Mario Vargas Llosa fala do uruguaio Juan Carlos Onetti, "o primeiro escritor moderno da língua espanhola" e tema de seu novo livro

DO "CLARÍN"

El Viaje a la Ficción" [A Viagem à Ficção, ed. Alfaguara, 240 págs., 21,88, R$ 65] é o novo livro no qual o peruano Mario Vargas Llosa retorna ao ensaio para mergulhar na obra do narrador uruguaio Juan Carlos Onetti [1909-94].
Na entrevista abaixo, ele antecipa a análise dos personagens derrotados e do mundo canalha de Onetti.
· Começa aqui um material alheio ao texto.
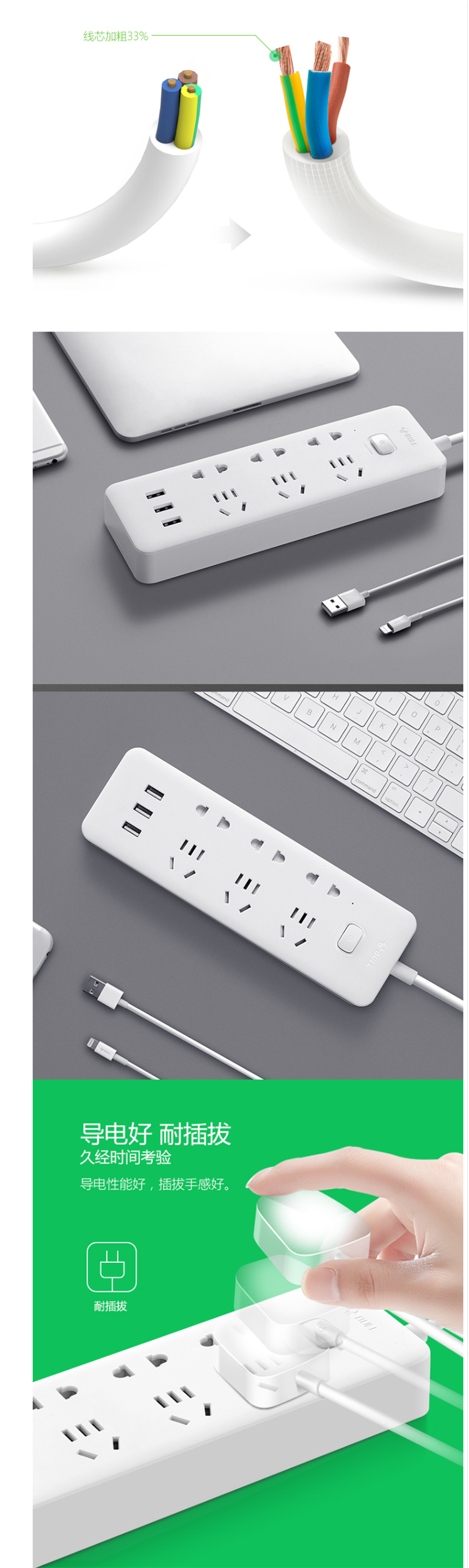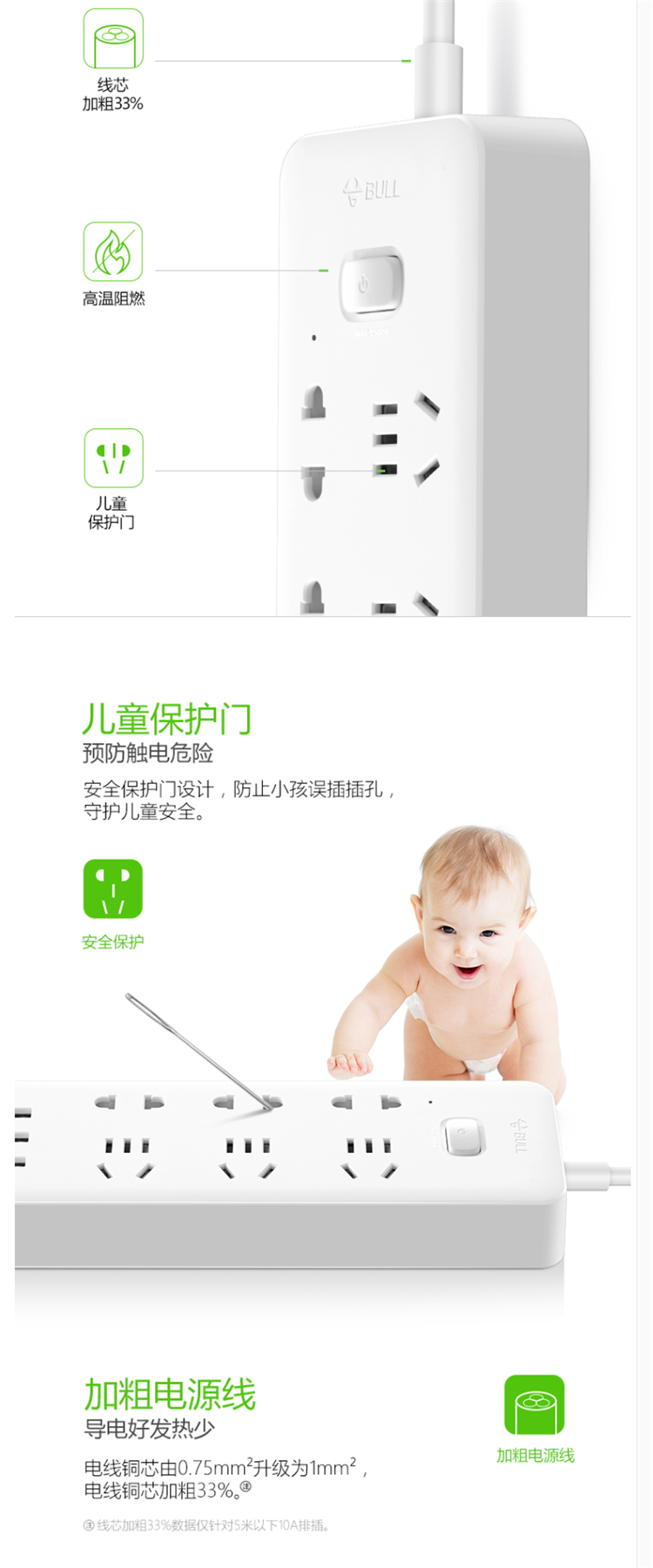 首页 > 建筑建材 > 开关插座 > 公牛(BULL)小白USB插座拖线板2USB排插3USB插座UUD122/UUB126 GN-UUB126 3米

No reverso do pessimismo onettiano, Vargas Llosa enxerga o fulgor de uma criatividade literária que se destaca como a mais moderna do continente.

 

PERGUNTA - Há ensaios seus sobre vários escritores: Joan Martorell, García Márquez, Gustave Flaubert e, agora, Onetti. O que lhe proporciona essa intromissão literária e vital em outros escritores?
MARIO VARGAS LLOSA
- Todos esses ensaios nasceram de meu entusiasmo de leitor. Nunca escrevi ensaios literários sobre autores que não tivessem me impressionado muito. E é esse o caso de Onetti, é claro. Eu o descobri nos anos 1960, quando ainda era muito difícil conseguir suas obras, pois circulavam em edições pequenas.
Lembro-me muito bem da leitura dos primeiros contos seus, que me impressionaram tremendamente. Penso que foi um contista extraordinário; há pelo menos meia dúzia de contos seus que são verdadeiras obras-primas.
Sempre tive vontade de algum dia ler tudo de Onetti em sequência, porque ele é um desses autores que, quando lidos em conjunto, as partes se enriquecem e o conjunto se enriquece com as partes. E isso aconteceu graças a um curso que dei em Washington, durante um semestre. Reli tudo seu, em sequência, fiz muitas anotações, me enchi de fichas e, quando terminei, fiquei com muito material, que decidi converter neste ensaio.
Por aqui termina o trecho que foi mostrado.